FCPA疑惑は直ちに報告すべきである(オリンパス贈賄疑惑事件)
6月17日の朝日新聞(法と経済のジャーナル有償版)において、オリンパス社の中国における贈賄疑惑調査の件が報じられています。これまで同社は(中国国内の件について)公表していませんが、現地法人に対する監査役監査で疑惑が発見され、監査役の指示で社外弁護士による調査が開始されているとのこと。調査開始からすでに4カ月が経過しているそうです。現地における税務処理を任せていたエージェントに対する報酬管理に問題があったようですが、エージェントとの間における報酬契約の内容を明確にしておくことはFCPAリスク管理において重要なポイントと言われています(そうでないとエージェントが政府高官に賄賂提供することを容認していた、と受け取られかねません)。
オリンパス社会長さんの発言では、「おそらく米国司法省が動く可能性は乏しい」とのことですが、日本および米国司法省への事実の開示は重要なポイントです。丸紅事件では、米国司法省に事実を申告しなかったことが重罰根拠(罰金額の増額根拠)とされているので、贈賄疑惑が発覚した場合には直ちに社内調査に乗り出すことが取締役の善管注意義務の履行になるものと思われます。とりわけFCPAでは内部告発奨励制度の適用があり、社内外の者が告発することで高額の奨励金をもらえるとなれば、不正は必ず発覚すると認識しておくべきです。
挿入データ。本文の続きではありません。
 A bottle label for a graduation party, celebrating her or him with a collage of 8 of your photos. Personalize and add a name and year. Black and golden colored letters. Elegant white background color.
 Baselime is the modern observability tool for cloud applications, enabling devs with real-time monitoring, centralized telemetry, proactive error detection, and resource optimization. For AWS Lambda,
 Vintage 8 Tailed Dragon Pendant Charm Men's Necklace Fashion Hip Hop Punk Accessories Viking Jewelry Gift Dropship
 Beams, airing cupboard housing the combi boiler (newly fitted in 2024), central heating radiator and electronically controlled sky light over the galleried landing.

そのような意味において、オリンパス社の監査役さんが直ちに外部専門家による社内調査委員会設置を促し、たとえ軽微な事件の可能性があったとしても、同社が速やかに米国司法省へ事実を開示したことは取締役の善管注意義務の履行を促すものとして正しい選択であったと考えます。
ただ、日本企業はどうも未だFCPAリスクについては認識が甘いようで、現地法人を含めたコンプライアンスプログラムを実践している企業は少なく、また現実にFCPA疑惑が浮上した場合であっても、これを日本や海外当局に報告するための社内調査を徹底する気運があまりないように感じます。
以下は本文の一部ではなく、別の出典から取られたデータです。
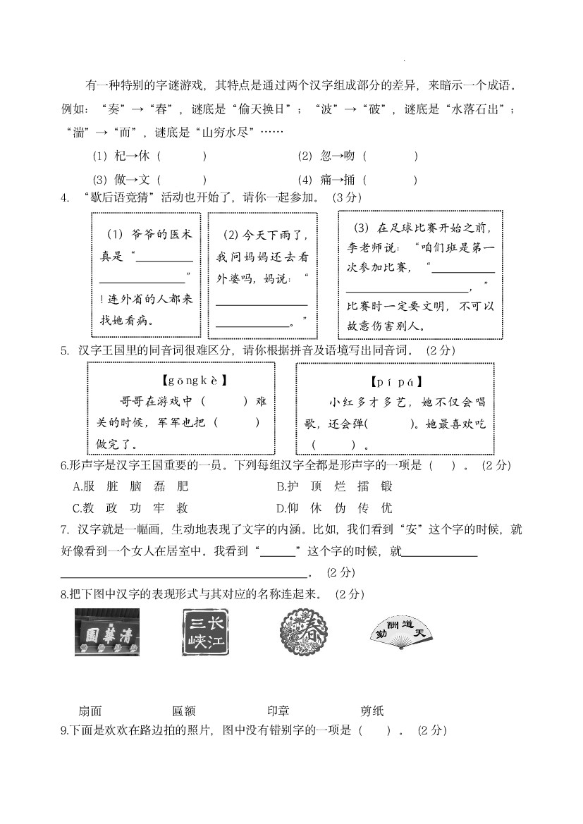 小学 【第三单元主题情境“汉字文化”自测单】五下语文
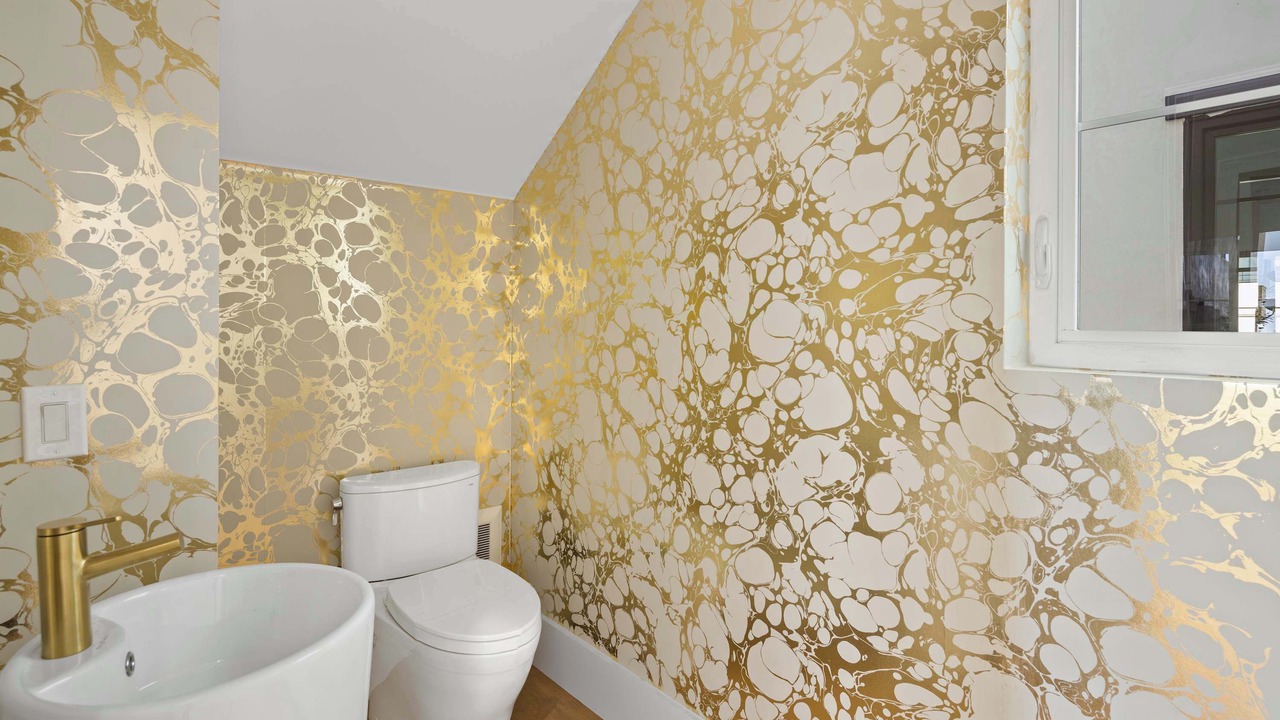 The home also includes a half bathroom as well as an additional full guest bathroom with a single vanity and glass walk-in shower.
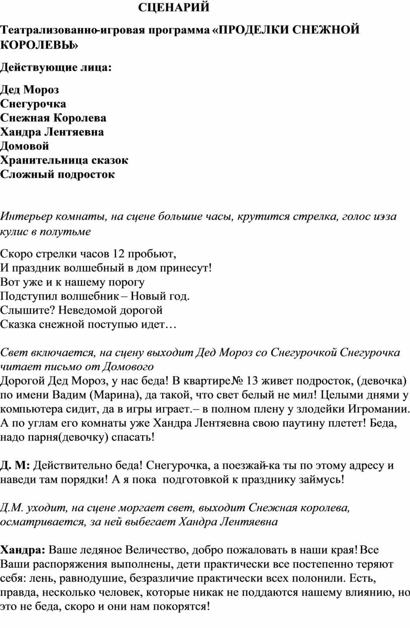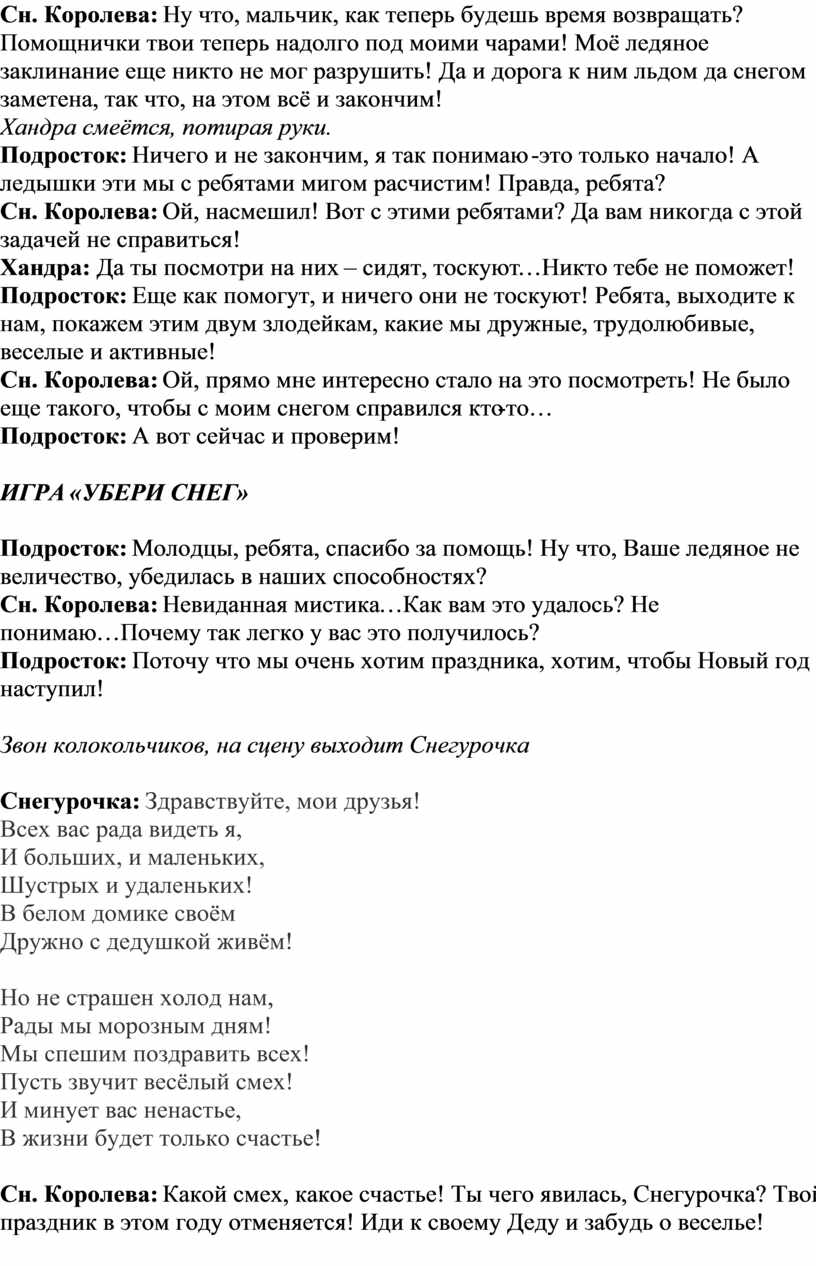 Сн. Королева: Какой смех, какое счастье! Ты чего явилась, Снегурочка? Твой праздник в этом году отменяется! Иди к своему Деду и забудь о веселье!
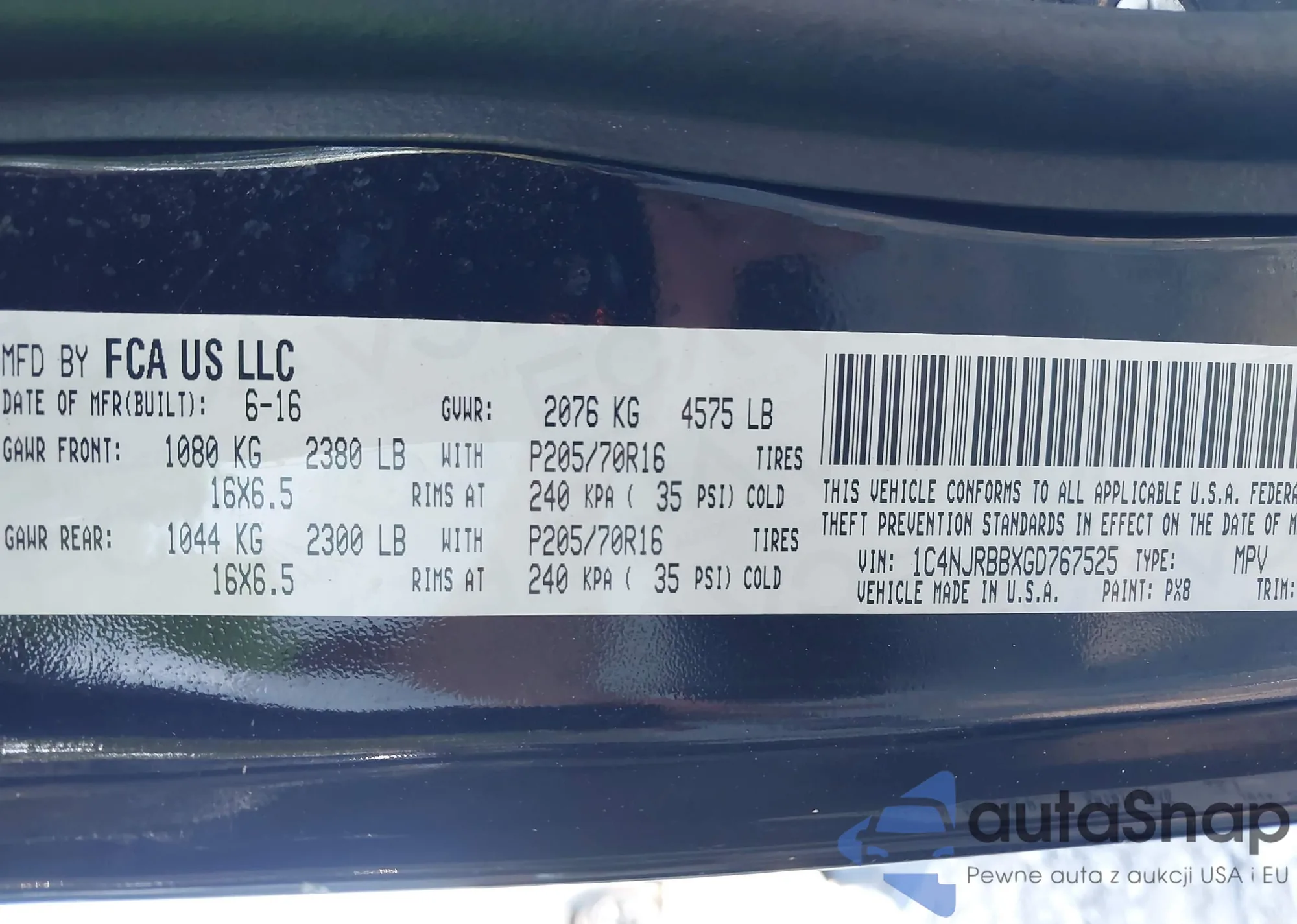 LOT: 43197680 VIN: 1C4NJRBBXGD767525

左は今年3月に国広総合法律事務所の方々が書かれた本でして、いわゆるFCPAの「お勉強」の本ではなく、FCPAリスクのマネジメントを示した実践本です。
海外贈収賄防止 コンプライアンスプログラムの作り方(国広総合法律事務所 レクシスネクシス 2015年)
内容は一般企業の経営者や実務担当者向けに書かれたものなので、非常に読みやすいもので、FCPAによる摘発の脅威、FCPAの未然防止から危機対応までの実践のイロハ等が示されています。とりわけファシリテーションペイメントの理解として、便益ガイドライン、経費負担ガイドライン、寄付手続き等を社内ルール化するという発想は、海外事業を展開する企業にとって必要なものかと思います。時代によってリスクは変わりますが、こういった基本的な発想を理解しておく必要があります。
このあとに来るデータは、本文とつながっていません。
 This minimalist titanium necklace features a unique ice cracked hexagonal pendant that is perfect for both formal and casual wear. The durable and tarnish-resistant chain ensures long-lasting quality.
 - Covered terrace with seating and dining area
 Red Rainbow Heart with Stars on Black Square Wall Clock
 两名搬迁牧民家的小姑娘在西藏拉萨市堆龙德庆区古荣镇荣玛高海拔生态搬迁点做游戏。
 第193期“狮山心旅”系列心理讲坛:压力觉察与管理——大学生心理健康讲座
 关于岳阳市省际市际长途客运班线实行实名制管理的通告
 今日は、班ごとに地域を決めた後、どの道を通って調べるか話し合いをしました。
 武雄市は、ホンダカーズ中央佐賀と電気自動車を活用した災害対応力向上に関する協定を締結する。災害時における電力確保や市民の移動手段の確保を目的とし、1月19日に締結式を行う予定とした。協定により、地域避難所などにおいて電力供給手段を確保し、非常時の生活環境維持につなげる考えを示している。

日本企業を取り巻く最近のFCPA事件のリスクだけでも本書で認識しておかれてはいかがでしょうか。「共謀概念」やジョイントベンチャー推進上のリスクなど、あまり日本法においてなじみがない不正リスクについても理解しておくことは、企業および役員自身の身を守ることにもつながるはずです。上記の朝日記事には、会長さん自らパソコンの中身をすべて提供し、オリンパス社はガバナンスや内部統制に至るまで徹底的な調査を行い、米国司法省には「何も隠していない」ということを示すための情報開示を行っていることが報じられています。「司法省の調査が開始されたら対応しよう」では遅すぎますし、罰金の減額が得られなければ明確に役員の法的責任に直結するため、日ごろからのプログラム実施が求められる時代になりつつあると言えます。まさに企業集団内部統制の典型例かと。